Wenn Beschäftigung für die SPD das Maß aller wirtschaftspolitischen Dinge ist, wie kommt es dann, daß die Wirtschaftsbehörde Millionen Mark Steuergelder in den Hafen pumpt? Dort schrumpfen die Arbeitsplätze dramatisch.

Dobritz: Hamburg muß sich auf seine strategischen Vorteile konzentrieren. Und diese Stadt ist aufgrund der Lage und des Hafens ein geborener Logistikstandort. Selbst ein grüner Wirtschaftsstandort wäre doch mit dem Klammerbeutel gepudert, wenn er diesen Vorteil nicht nutzt und ausbaut.

Maier: Die Rationalisierung im Hafen führt dazu, daß immer höhere Kosten immer weniger Nutzen bringen. Das ist für die leere Staatskasse untragbar, weil dort keine Arbeitsplätze mehr entstehen. Alle Häfen konkurrieren sich immer tiefer in diesen Widerspruch hinein. Ich werfe dem Senat vor, sich nicht mit Hilfe der EU-Kommission dafür zu engagieren, aus der Subventionsspirale rauszukommen.

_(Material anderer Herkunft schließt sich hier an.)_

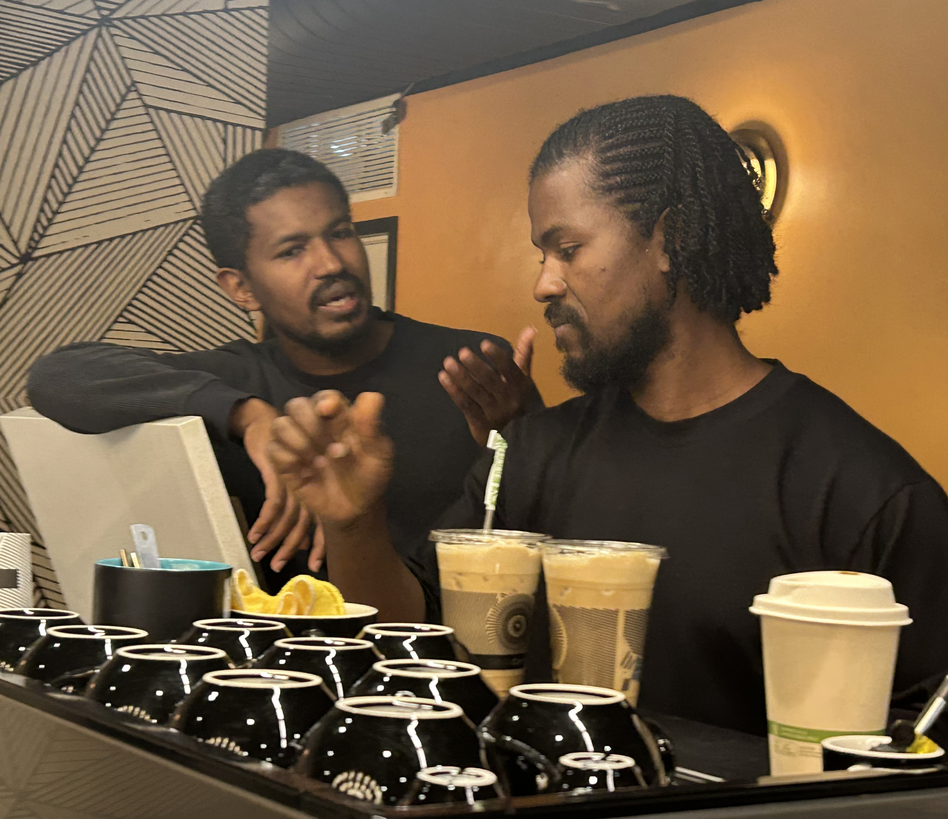 “That’s one of the things that makes Ginjan so important here. It’s a haven from what’s going on outside.” Just the other day, he continued, a mother with a sleepy toddler was harassed by the men on the curb; she sheltered in the coffee shop while her toddler napped in an armchair. “People had told us: ‘I don’t know what I would have done without you here.’”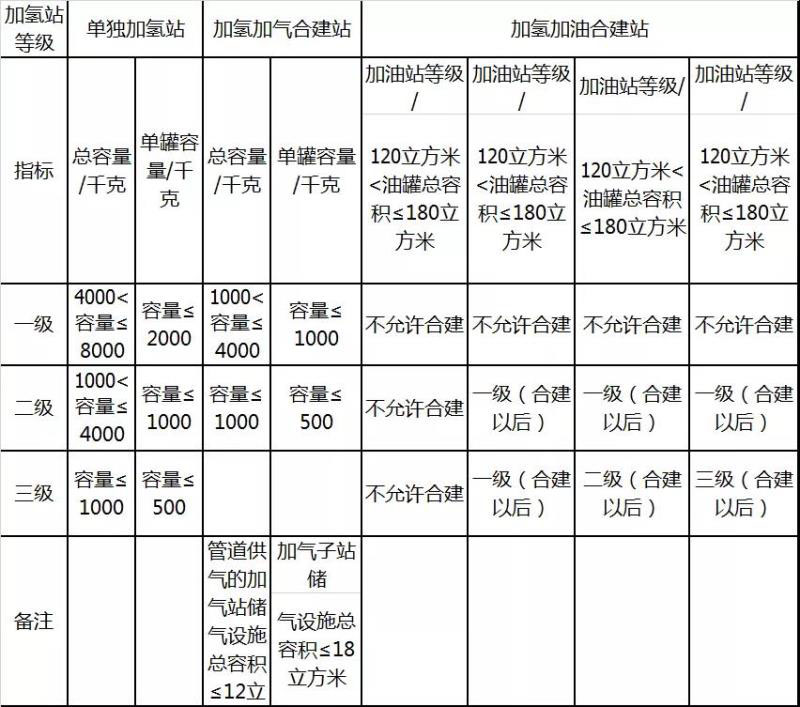 注:資料來(lái)源自《加氫站技術(shù)規(guī)范(國(guó)標(biāo)GB50516-2010)》;對(duì)于加氫加氣合建站:管道供氣的加氣站儲(chǔ)氣設(shè)施總?cè)莘e是各個(gè)儲(chǔ)氣設(shè)施的結(jié)構(gòu)容積或水容積之和;對(duì)于加氫加油合建站:柴油罐容量可折半計(jì)入油罐總?cè)莘e;“不允許合建”表示對(duì)應(yīng)等級(jí)的加氫站和加油站不得建設(shè)為加氫加油合建站。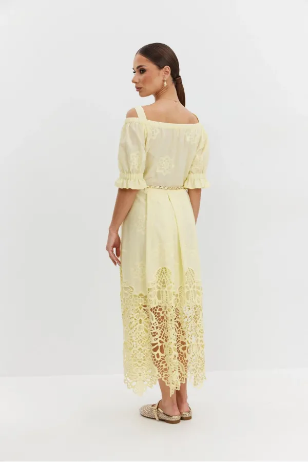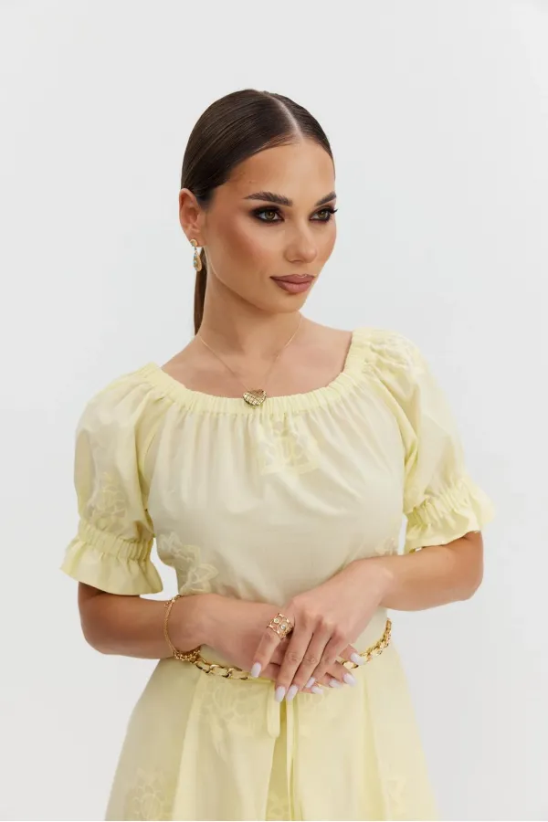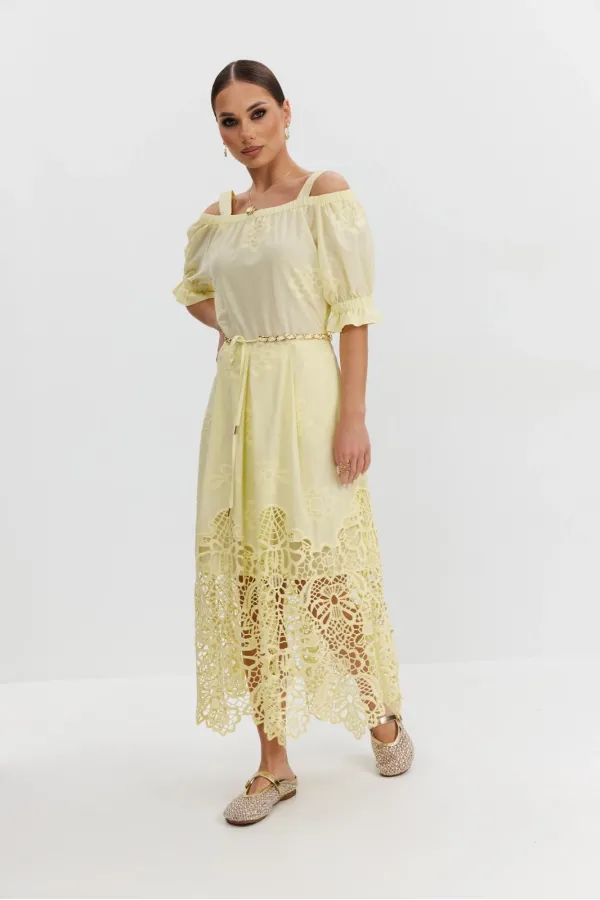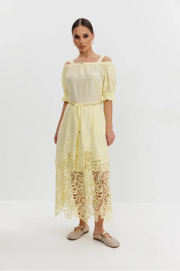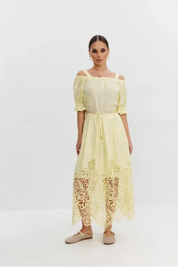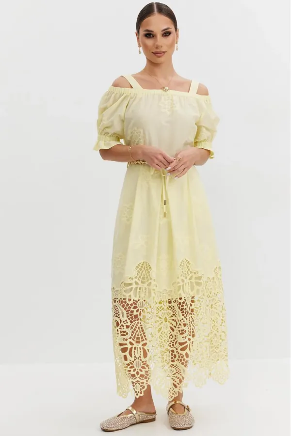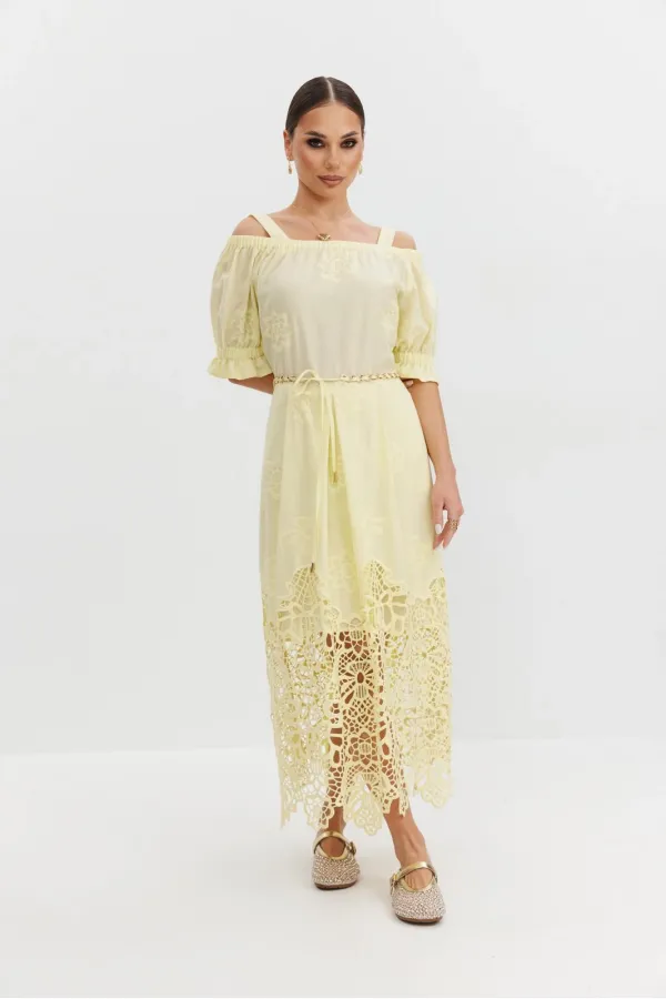 Платье из хлопковой ткани «ришелье». Длина макси. Платье отрезное по талии, юбка со складками. Верх с открытыми плечами и съемными бретелями. Застежка в боковом шве на потайную молнию. Рукав «фонарик». В боковых швах карманы. В комплекте декоративный пояс-завязка. Платье на подкладке.

Dobritz: Das ist kein hafenspezifisches Argument.

Maier: Doch. Unaufhörlich verdammt die Wirtschaft Subventionen. Wenn man das aber für den Hafen fordert, heißt es, man wolle die Vaterstadt ruinieren.

Dobritz: Der Staat hat nun einmal eine Infrastrukturaufgabe. Im internationalen Vergleich ist in den Hamburger Hafen realativ wenig Geld geflossen. Bei den Geldern ging es immer nur um die Funktionstüchtigkeit des Hafens wie das Ausbaggern der Elbe. Erst jetzt, das erste Mal nach 40 Jahren, werden große Summen in die Hafenerweiterung investiert.

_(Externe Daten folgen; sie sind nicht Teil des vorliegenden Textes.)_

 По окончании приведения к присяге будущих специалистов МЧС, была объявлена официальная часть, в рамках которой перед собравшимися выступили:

Was kann denn die SPD gegen den Vorschlag der GAL haben, den Hafen wirtschaftlicher zu machen?

Dobritz: Der Hamburger Hafen ist wirtschaftlich.

Maier: Stimmt nicht.

Dobritz: Ich habe gar nichts gegen eine Verselbständigung des Hafens. Aber ich garantiere, daß am Ende die Erkenntnis herauskommen wird, daß der Hafen wirtschaftlich arbeitet.

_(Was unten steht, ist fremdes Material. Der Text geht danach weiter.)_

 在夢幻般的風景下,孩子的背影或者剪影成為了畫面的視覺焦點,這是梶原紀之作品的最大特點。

Maier: Dann gehen wir die Wette doch ein! Ich halte dagegen: Wir werden auf enorme Einsparpotentiale stoßen. Erstaunlich ist doch, daß nicht nur die SPD, sondern auch die Handelskammer sich mit Händen und Füßen dagegen sträubt, das, was sie sonst immer fordert – eine Privatisierung – auf den Hafen anzuwenden. Wir fordern eine Verselbständigung. Nirgendwo sonst wird der Hafen von einem Amt verwaltet.

Dieses knackige Plädoyer für die Marktwirtschaft qualifiziert Herrn Maier geradezu zum Wirtschaftssenator, oder?

Dobritz: Da kenne ich bessere.

Den jetzigen etwa?

Dobritz: Dazu werde ich mich jetzt nicht äußern.

Immer mehr Industrieunternehmen und damit Arbeitsplätze verlassen Hamburg. Können wir uns da eine Erhöhung der Gewerbesteuer und schärfere Umweltauflagen überhaupt leisten?

Maier: Eine Absenkung ist völlig jenseits des Denkbaren. Eine dramatische Steuerentlastung der Unternehmen hat bereits stattgefunden. Der Haushalt liegt darnieder. Und da kann es durchaus möglich sein, daß man zum Notnagel Gewerbesteuererhöhung greifen muß. Was das Problem der Gewerbeflächen angeht: In der Umweltpolitik sind es heute nicht mehr in erster Linie die Industrieemissionen, sondern der Flächenverbrauch, wo etwas getan werden muß. Und eine große Metropole kann gar nicht anders, als sparsam mit Fläche umzugehen.

Dobritz: Eine Erhöhung der Gewerbesteuer würde den Standort psychologisch und politisch belasten. Der Hebesatz sollte bleiben, wo er ist. Umweltstandards müssen in jedem Fall durchgesetzt werden. Im präventiven Umweltbereich muß man sicher mehr Geld in die Hand nehmen als bisher. Bei allem Stolz unseres Umweltsenators: 20 Millionen für regenerative Energien sind Peanuts. Da sollte man etwas mehr hinlangen und etwas forscher rangehen.